-- TASK BRIEF --
The whole listing below should be printed again exactly, with no images.

-- DATA --
^^^^^^^^

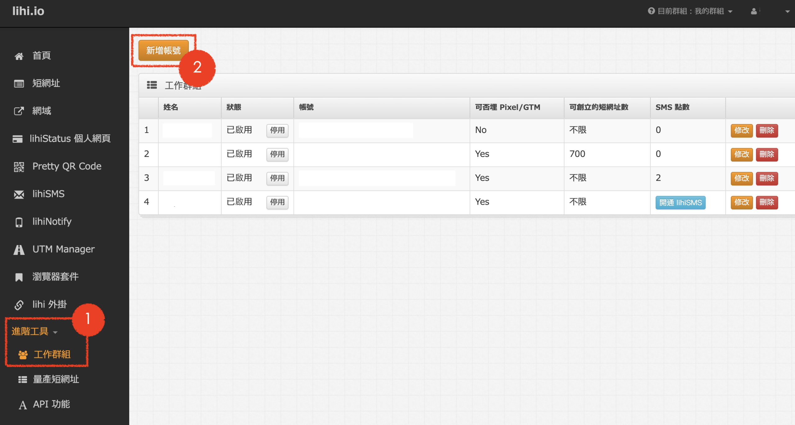 1、點選進階工具,點擊工作群組後,點擊新增帳號。
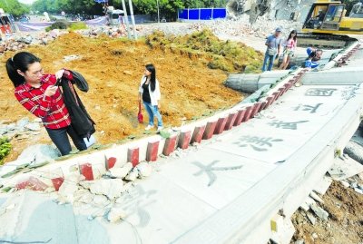 武汉大学牌坊拆除 学生拍照抢石块留念(图)
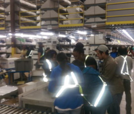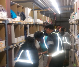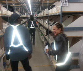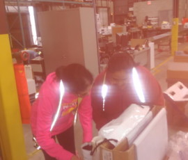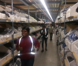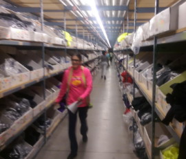 Each team raced through the low-bay aisles, searching for the correct location for the product listed on their task list.

^^^^^^^^

-- TASK SOLUTION --
 1、點選進階工具,點擊工作群組後,點擊新增帳號。
 武汉大学牌坊拆除 学生拍照抢石块留念(图)
 Each team raced through the low-bay aisles, searching for the correct location for the product listed on their task list.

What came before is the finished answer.